The main strength of this study is that it accommodates face-to-face and remote assessments as part of day-to-day practice in a memory service setting with minimal disruption to the pathway, while obtaining real-world data on participant experience and the acceptability of such a tool in a rapidly changing technological environment.

In the ADePT study, we investigate GP referrals to memory clinics, where GP colleagues have already made the clinical decision to refer to specialists. As a result, these cases may only be assessed as true or false positives based on prospective diagnosis of neurodegeneration or not.A more complete picture of the quality of primary care cognitive assessment would also require the study of true and false negatives (ie, those patients who were not referred to memory clinics by their GPs). This is a limitation of the study, albeit an unavoidable one as the latter would require multisite recruitment from GP surgeries and prospective participant follow-up which would be impractical. However, we expect that the ADePT results can inform a future longitudinal study in primary care.

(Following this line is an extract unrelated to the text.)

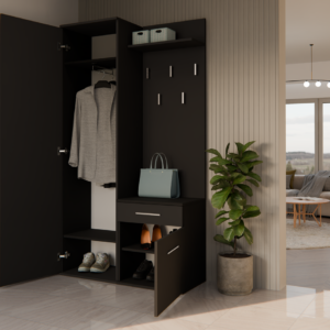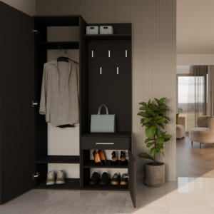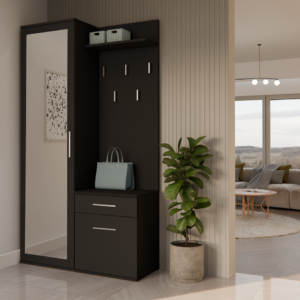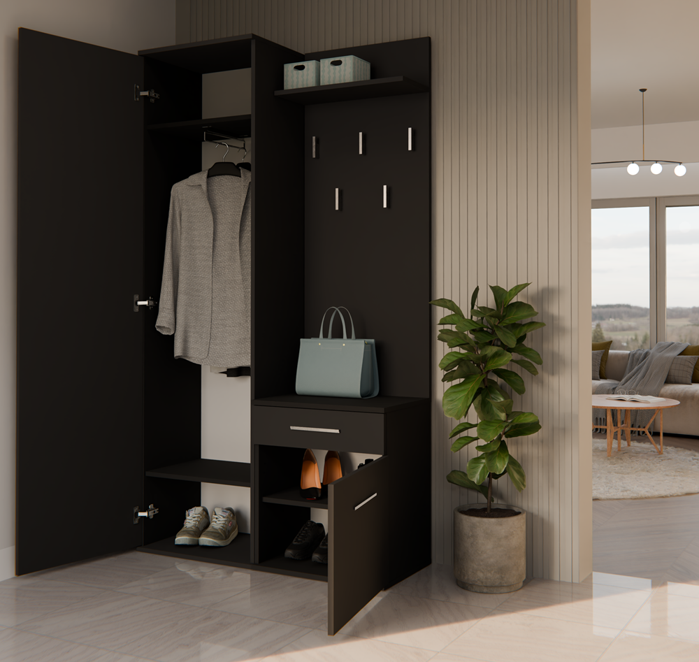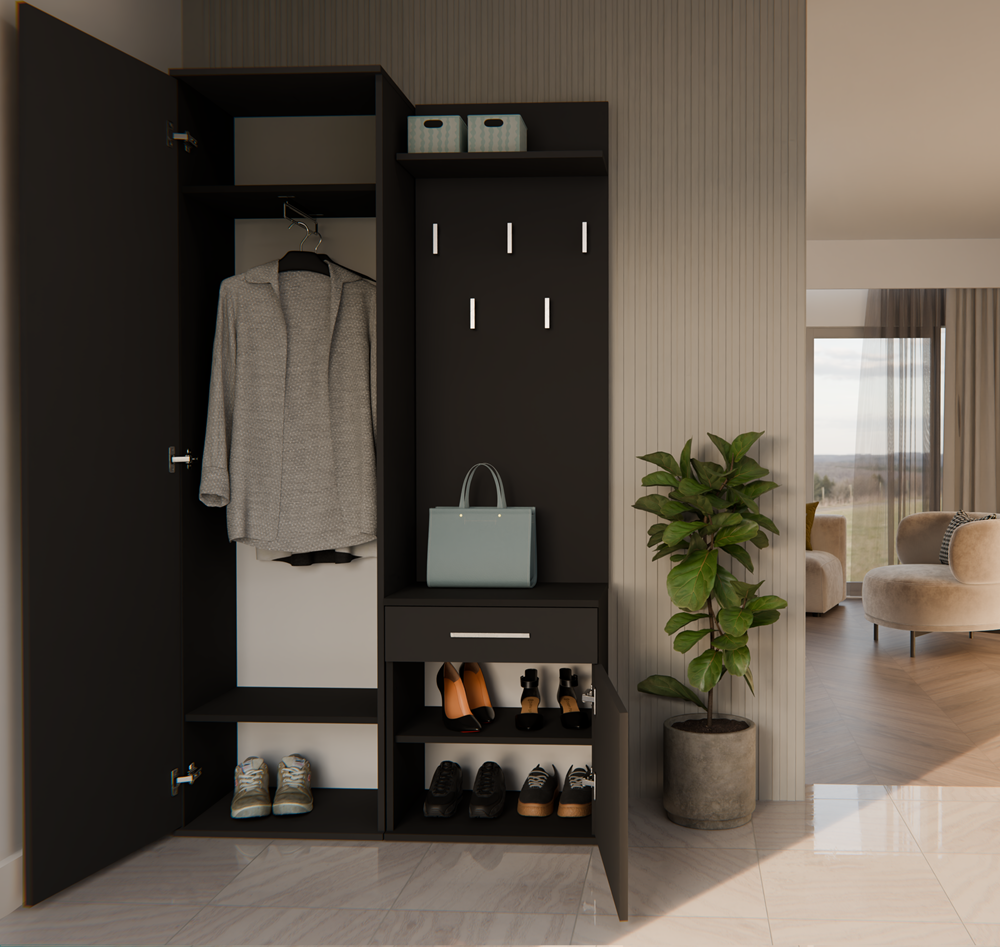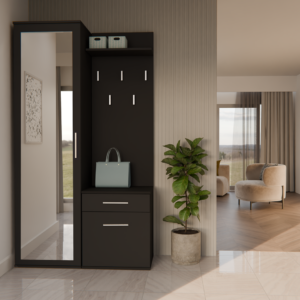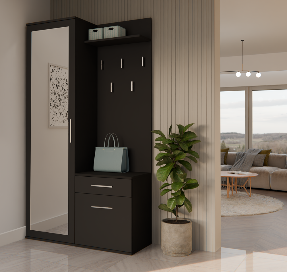 - Szafę z lustrem, szafkę oraz wieszak można zamontować blisko siebie, jak i zarówno rozsunąć.

To date, research on digital cognitive tests in primary care has been scant. A valid and acceptable tool can improve early diagnosis, provide timely interventions, enhance clinical and health economic outcomes, reduce burden on memory services, and foster interoperability and continuity of care throughout the patient journey in the dementia pathway. A remote assessment tool can also close the clinically important service gap that is the monitoring of disease progression both in already diagnosed patients and those with MCI. Monitoring of the latter patient group is particularly topical as there is no current service provision, as novel treatments are becoming available [10]. The ADePT project aims to provide appropriate evidence to support policy change to shape best practice guidelines in the dementia pathway. Finally, objective and consistent measurement of cognition for at-risk populations will support research and candidate identification in primary care for a disease that continues to take a toll on patients, services, and families.